At a time when thousands of Hondurans end up detained by U.S. border agents after crossing the Rio Grande, the country is joining McAllen’s “Embassy Row” when it opens a new diplomatic outpost in the border city, according to The Brownsville Herald.
The newspaper said that since Oct. 1, Border Patrol agents in the Rio Grande Valley Sector arrested roughly 20,000 Honduras who entered the United States illegally.
The Guatemalan government also has a consulate in McAllen, the largest city in the Valley, a 120-mile-wide region that is the deepest portion of southern Texas along the Mexico border.
According to the Herald, the reason Honduras felt compelled to open a new consulate in the region is due to the significant uptick in arrests and deportations of Hondurans.
Unlike Mexicans, other nationals don't have the option to sign "voluntary departure" forms and be swiftly deposited back on the Mexican side of the border. Non-Mexicans have to be formally processed for deportation, a process involving the diplomatic intervention of their home governments, who have to officially accept deportees from the U.S.
Besides McAllen, Honduras also is opening another diplomatic outpost in Dallas, the newspaper quoted Karol Escalante, an official at the Honduran Embassy in Washington, as saying.
Diplomats from Honduras, Guatemala and Honduras assigned to the region certainly have their hands full. Deportation requires that countries of origin provide identification and travel documents.
The newspaper noted that in the last fiscal year, the Rio Grande Valley Sector had nearly 100,000 arrests, 50 percent of which involved nationals from countries other than Mexico, or "OTMs," primarily from Central American countries.
“Central Americans have always represented the largest population group of OTMs other than 2006, when we had an influx of Brazilian nationals here,” said Rosendo Hinojosa, chief of the Border Patrol's Rio Grande Valley sector.
“We’ve already apprehended more OTMs this year than we did the entire year last year,” Hinojosa said.
Guatemala opened a consulate in the area in 2011.
“A lot of people from Guatemala use this border to cross and enter the United States,” said Alba Caceres, the Guatemalan consul in McAllen.

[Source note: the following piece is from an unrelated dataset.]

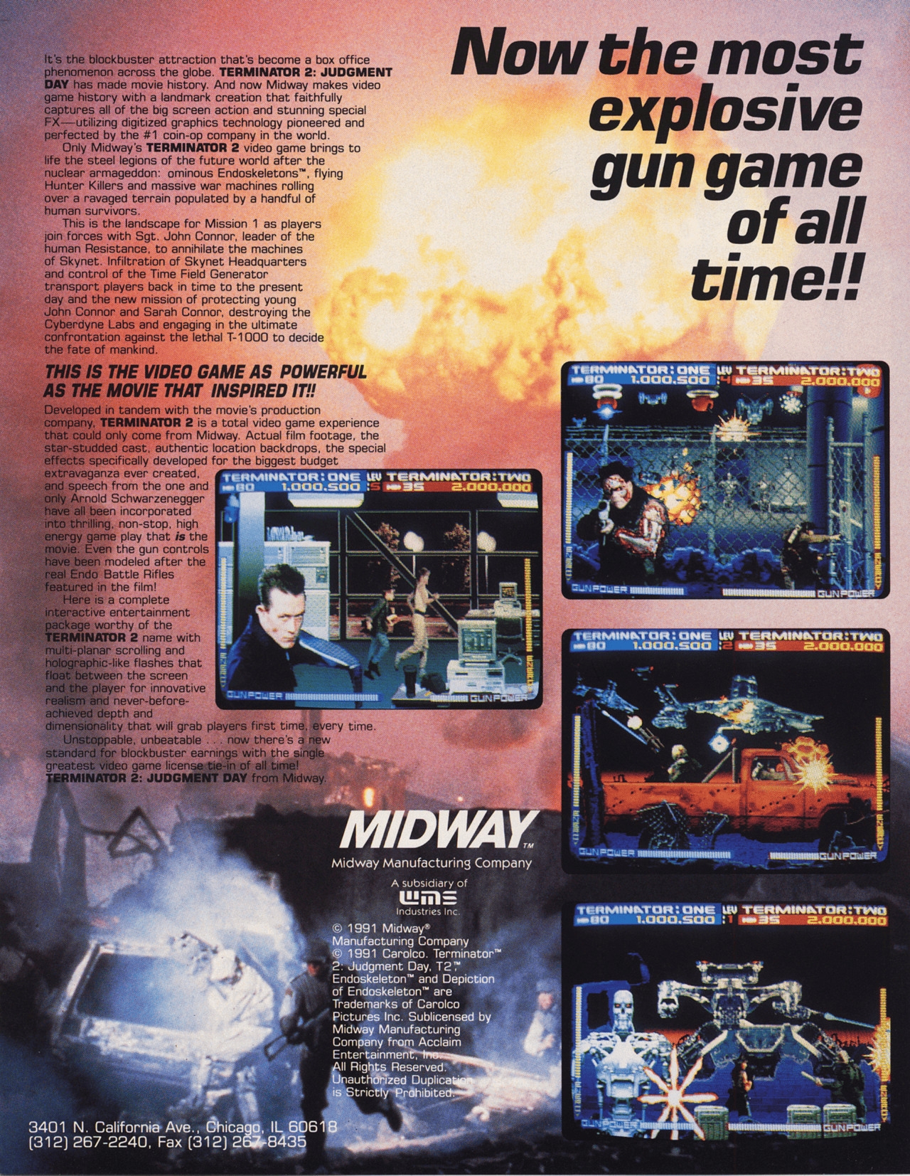 Terminator 2: Judgment Day is a gun shooting video game based on the film of the same name produced by Midway for the arcades in 1991.

The newspaper said that in the last calendar year, the Guatemalan consulate processed almost 11,000 travel documents for deportations and made arrangements for the remains of 29 dead migrants to return home.
“With about 10,500 travel document requests and 22 deaths during the past six months, both numbers could double, if the pace does not slow,” the newspaper said.
McAllen Mayor Jim Darling said that local consulates can help the city build ties with Central America.